What is expected
Omit every picture, then return the listing verbatim.

Data block
════

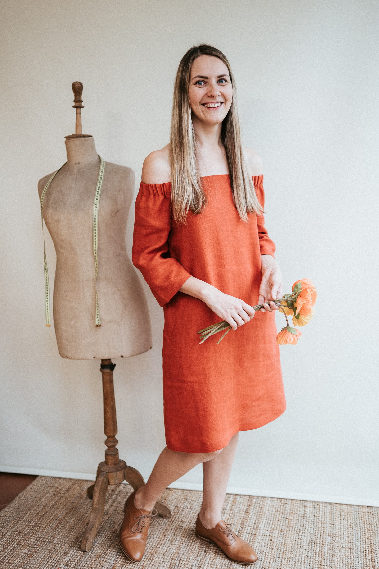 Off Shoulder Linen Dress 'Brigitte', Linen Off the shoulder dress, ...
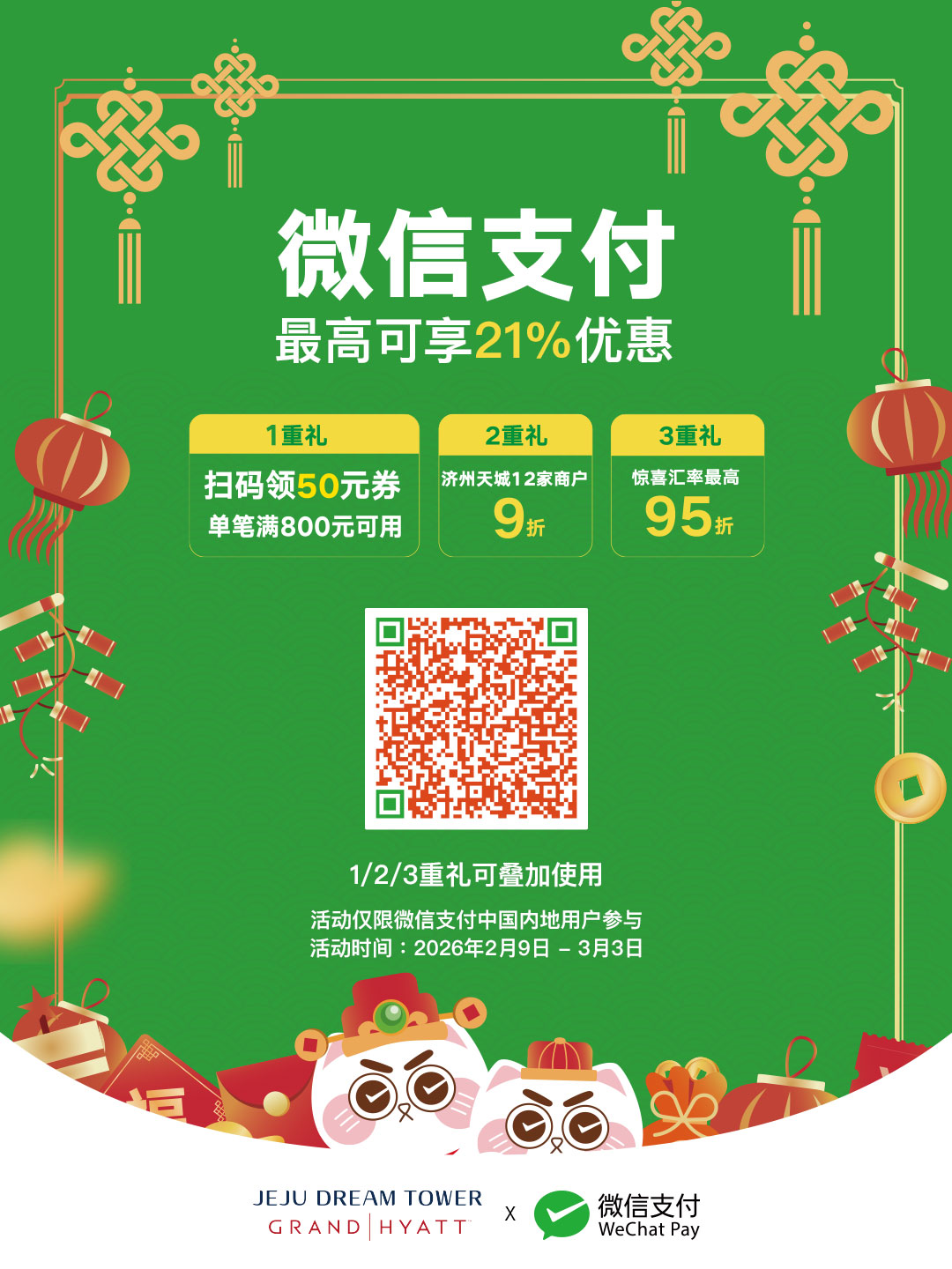 新春佳節之際,濟州君悅酒店攜手微信支付,為您傾情呈獻多重驚喜禮遇, 從美食、購物到身心療癒,一次暢享多重驚喜!
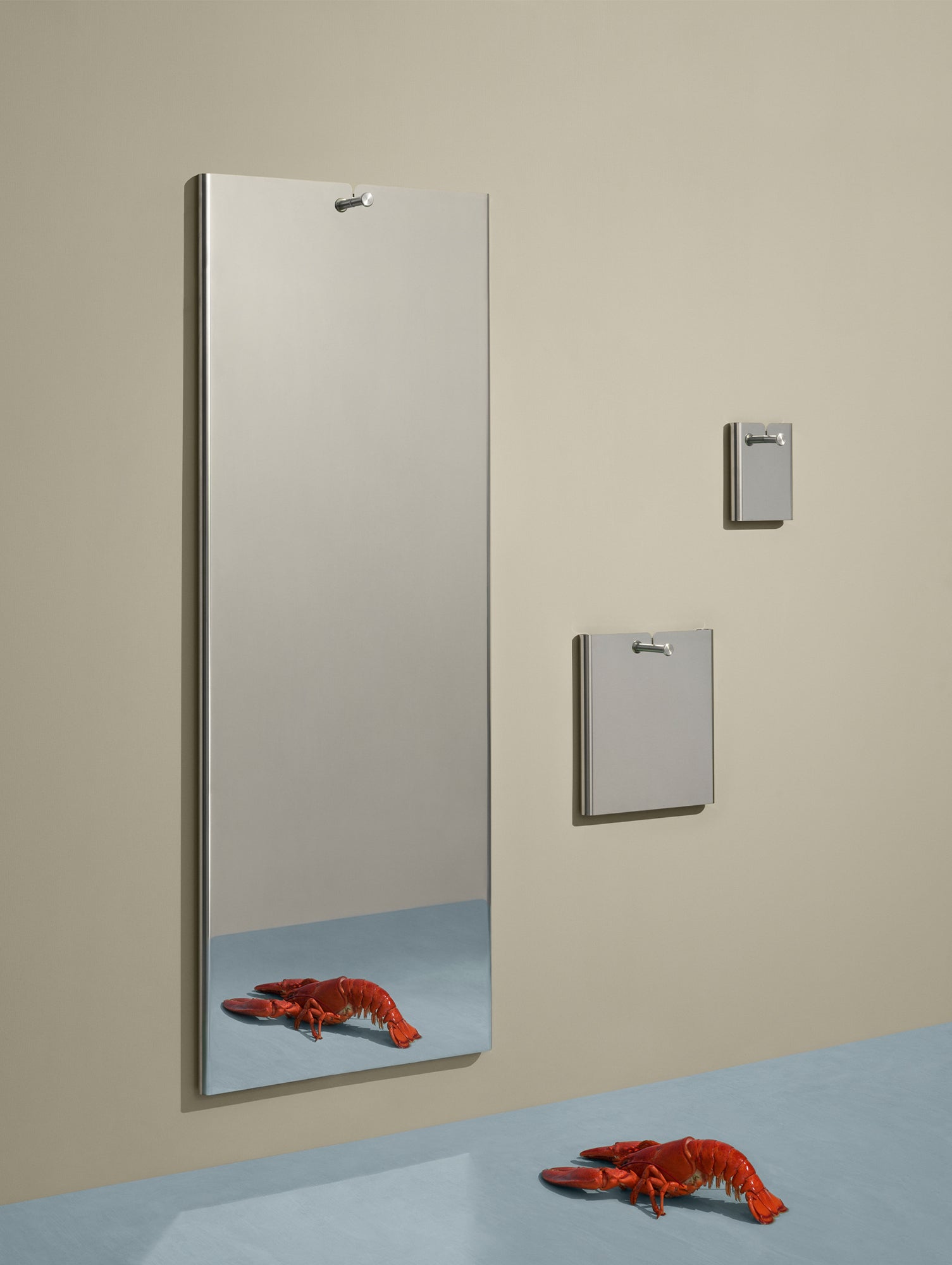 The Memory Mirror is meticulously crafted from polished stainless steel, featuring a distinctive curved shape with reflective sides and a practical hanging knob. Its 3cm thickness adds a touch of sophistication by creating an elegant gap between the mirror and the wall. Designed with both style and function in mind, this mirror includes a convenient knob that can be used to hang scarves. Manufactured with precision in Italy, each mirror is diamond polished to attain the highest level of reflectivity. With its aesthetically pleasing design, the Memory Mirror is the perfect addition to your daily routine, bringing an elevated touch to your everyday activities.

════

The answer
 Off Shoulder Linen Dress 'Brigitte', Linen Off the shoulder dress, ...
 新春佳節之際,濟州君悅酒店攜手微信支付,為您傾情呈獻多重驚喜禮遇, 從美食、購物到身心療癒,一次暢享多重驚喜!
 The Memory Mirror is meticulously crafted from polished stainless steel, featuring a distinctive curved shape with reflective sides and a practical hanging knob. Its 3cm thickness adds a touch of sophistication by creating an elegant gap between the mirror and the wall. Designed with both style and function in mind, this mirror includes a convenient knob that can be used to hang scarves. Manufactured with precision in Italy, each mirror is diamond polished to attain the highest level of reflectivity. With its aesthetically pleasing design, the Memory Mirror is the perfect addition to your daily routine, bringing an elevated touch to your everyday activities.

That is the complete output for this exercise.